For each model show two figures:
1) Show all the MFs in a single graph having three subplots – inputs Q (subplot 131) & E (subplot 132), and the output G (subplot 133).
2) In addition, show the ‘surface of knowledge’ describing the dependency of grade G upon the two input variables Q and E.

However, show these two figures for three cases:
a) one for narrow MFs (overlapping 0.1 in the middle between the triangles),
b) one for medium size MFs (overlapping 0.5) and
c) one for broad MFs (overlapping 0.9) ).

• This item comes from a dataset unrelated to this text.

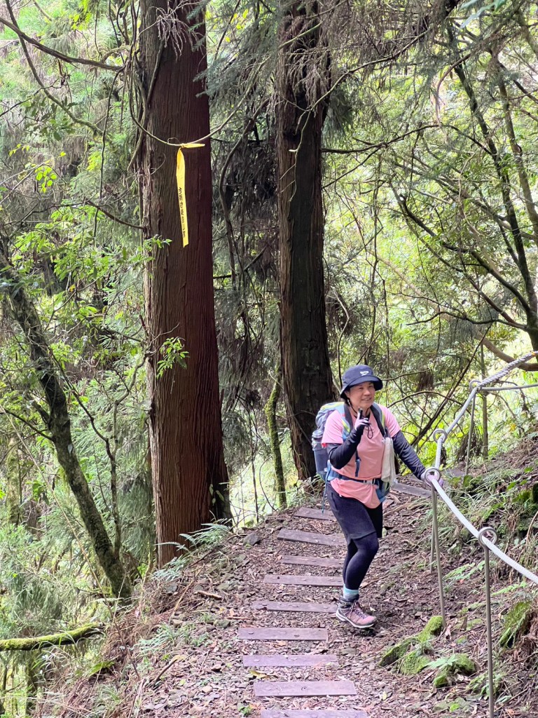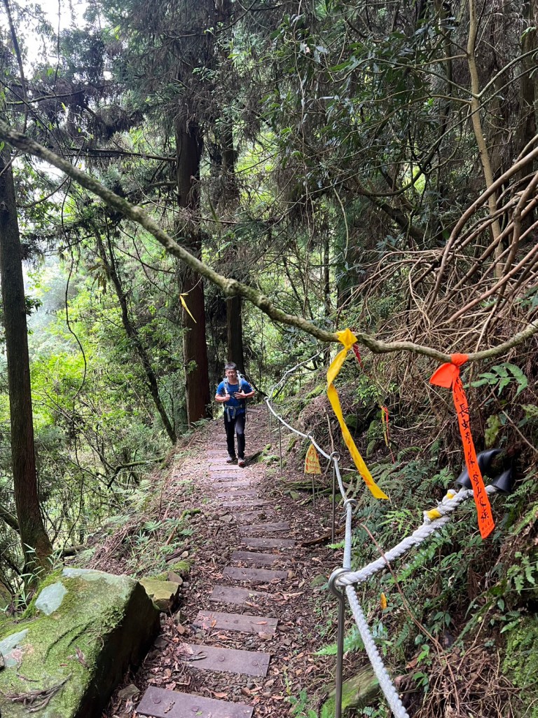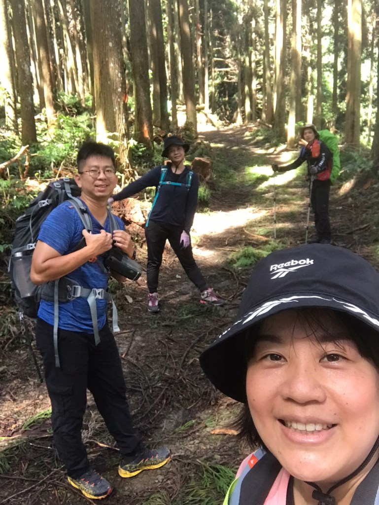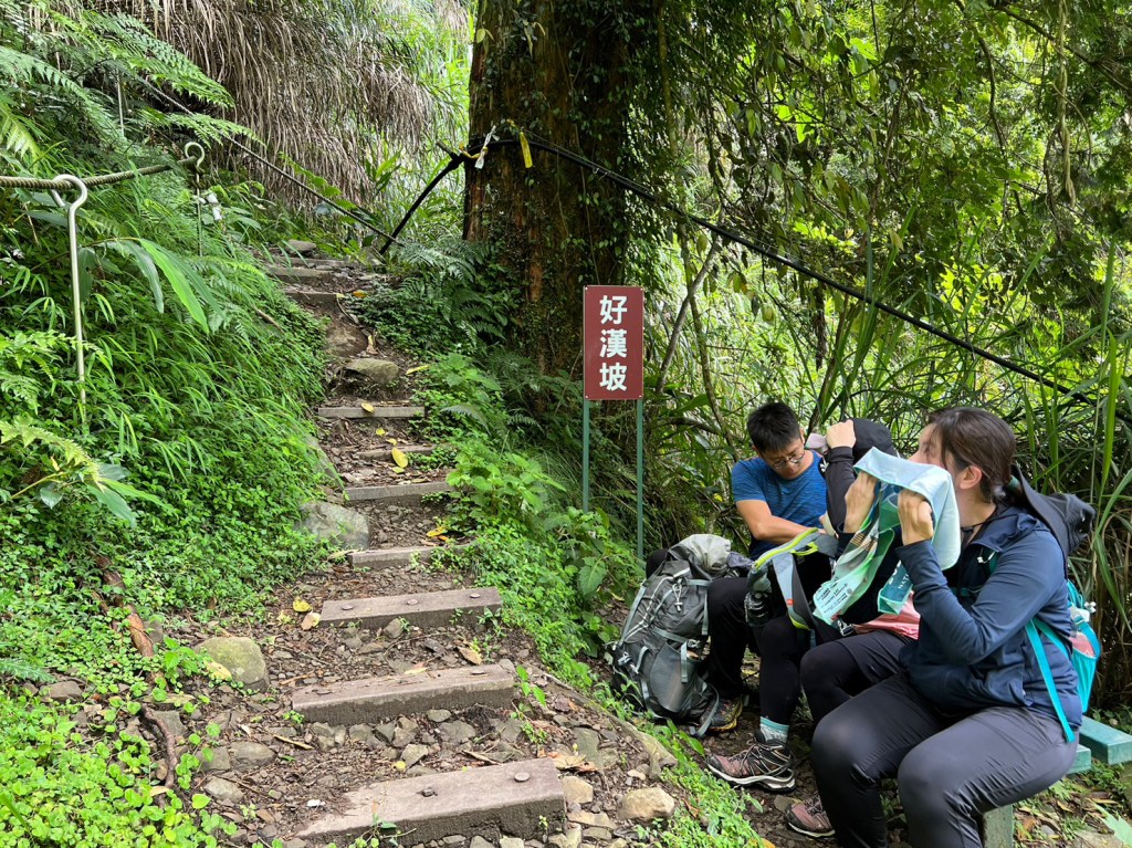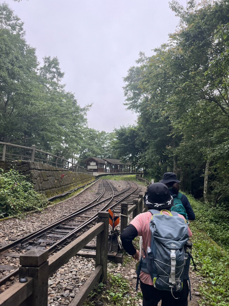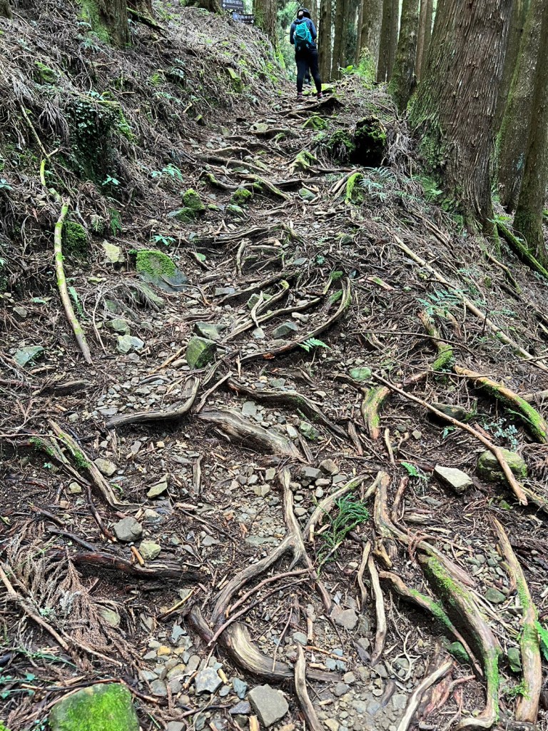 STH : 務必要搭乘街播車,前段路程不短,斜度也很大。前段的階梯不算難走,路也夠寬,走在柳杉林之間的感覺很舒服,不過因為海拔尚低,所以會比較熱。前段路線整體來說不太困難,就時因為前起天有下過雨,地板溼滑,以及一堆的咬人貓。最難走的好漢坡真的不容易,坡度、路窄、地滑、咬人貓。直到上到鐵路之後才好走,這趟非常好運的到了車站才下雨,因為下雨、海拔、與流汗,這次午餐蠻冷的。

In short, I expect 6 figures per a model in your report.
If you are encoding your model correctly by using MATLAB’S kron function, YOUR MODEL MUST WORK FOR ANY NUMBER of MFs. In this case,
kron will take care of getting H values in eq. (6.16).

That’s all
for Project four!
Your report doesn’t have to be in IEEE journal (conference) paper this time. Just title and your name + 12 figures. No Comments.!
If you want some additional points which will be counted toward your final grade in the course, expand your model by using the third antecedent,
namely, the Power of Figures input.

3) Now, show all the MFs in a single graph having four subplots – inputs Q (subplot 221), E (subplot 222) & F (subplot223), and the output
G (subplot 224).

4) In addition, show the ‘surfaces of knowledge’ describing the dependency of grade G upon the two input variables.
Those will be two additional figures in your report.

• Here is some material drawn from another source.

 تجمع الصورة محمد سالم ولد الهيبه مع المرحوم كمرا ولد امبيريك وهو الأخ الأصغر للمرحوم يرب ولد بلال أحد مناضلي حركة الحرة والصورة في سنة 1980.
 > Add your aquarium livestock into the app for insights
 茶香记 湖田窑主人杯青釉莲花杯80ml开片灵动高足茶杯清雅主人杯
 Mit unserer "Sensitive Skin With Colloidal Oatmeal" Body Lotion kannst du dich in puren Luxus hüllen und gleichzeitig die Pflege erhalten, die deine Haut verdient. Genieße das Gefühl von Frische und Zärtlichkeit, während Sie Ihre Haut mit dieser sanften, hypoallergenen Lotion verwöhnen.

SOFTWARE MUST BE USER FRIENDLY, so that I can run it easily too. Submit both your written report as the PDF document and MATLAB routines to
me by Email. ZIP your report and programs into single zip file (which will contain the report and the routines for FLM, name it with your family name (say,
lee.zip) and send it to me.

A Subject field in your Email should be CMSC 678, Your family name, Project 5.
Don’t hesitate to contact me in the case of need.
Note: Late submission will shrink your points as follows: up to 1 hour late -2 points, 1 to 3 hours late -4 points, more than 3 hours late -10 points, but if you are late more than 6 hours don’t
bother with submitting, for there won’t be any points. This remark is here because the semester is ending soon and both you and I must have time for both closing it and the exam.